Please transcribe only the lines from the one holding "Стойка душевая с" through the final line of the data, both included, with no pictures.

#### DATASET CONTENT:
═══

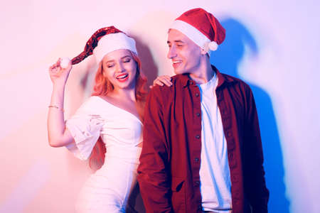 Couple in santa hats, new year, christmas. Lovers in neon light. Girl in evening dress with accessories, with red lips and pink hair. Couple dancing and having fun
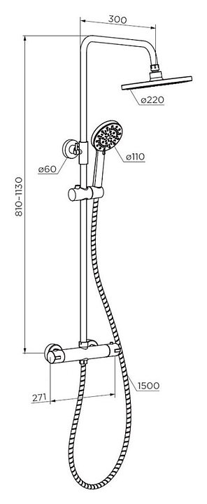 Стойка душевая с термостатом Dorff New plus D0710400 хром
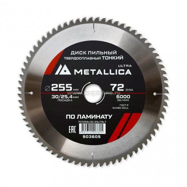 Диск пильный 255х2,0х30/25,4мм 72Z ТОНКИЙ по ламинату, для чистого пиления, METALLICA Ultra

═══

#### ANSWER BOX:
 Стойка душевая с термостатом Dorff New plus D0710400 хром
 Диск пильный 255х2,0х30/25,4мм 72Z ТОНКИЙ по ламинату, для чистого пиления, METALLICA Ultra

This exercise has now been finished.